ZnO films can be electrodeposited cathodically from aqueous zinc salt solutions in the presence of oxidants like O₂. The electrodeposition of nanoporous ZnO was first demonstrated using water-soluble organic dye molecules with anionic groups, which adsorb on the growing ZnO surface, as additives. Especially the dye eosin Y as additive was found to cause a high porosity. In this study we have varied the pore size of the eosin-templated films by addition of anionic surfactants and variation of the supporting salt and its concentration.

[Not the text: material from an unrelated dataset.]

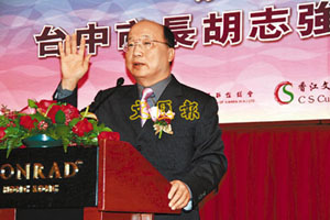 中新網(wǎng)12月19日電 臺(tái)中市長(zhǎng)胡志強(qiáng)18日在香港香江文化交流基金會(huì)午餐會(huì)發(fā)表演講,提出加強(qiáng)臺(tái)中、香港、廈門(mén)的經(jīng)濟(jì)文化交流,建設(shè)南峽(臺(tái)灣海峽南部)金三角經(jīng)濟(jì)區(qū)。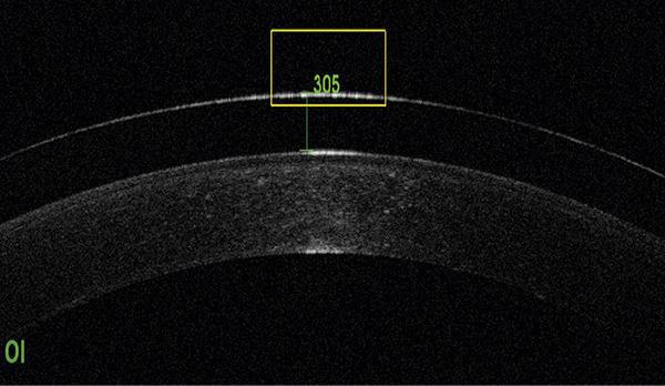 We used the 3 D OCT 2000 from the Topcon house giving measurements of the 305 micron post-contact tear meniscus in LE (Figure 3). Corneal touch is not observed in any of the radial cuts that our OCT allows us.

The cations of the supporting salt interact with the dye molecules in the electrodeposition bath in competition to dye interaction with the ZnO surface. Consequently, more dye molecules are incorporated in the films at lower supporting salt concentrations. The incorporation of more dye molecules in turn leads to a finer porous structure of the ZnO, i.e. the formation of smaller pores and ZnO domains. The same effect is achieved by use of larger cations.
A significant increase in the pore size could be achieved by the use of cationic surfactants in combination with anionic eosin Y. Surfactant-dye interaction causes the formation of large aggregates, leading to pore sizes of up to ca. 50 nm (see figure), which would for example enable an easier pore filling for the preparation of solid-state solar cells. Interestingly, the surfactant without the dye does not lead to the formation of porous ZnO at all, showing the importance of the anionic group in eosin Y for interaction with the ZnO.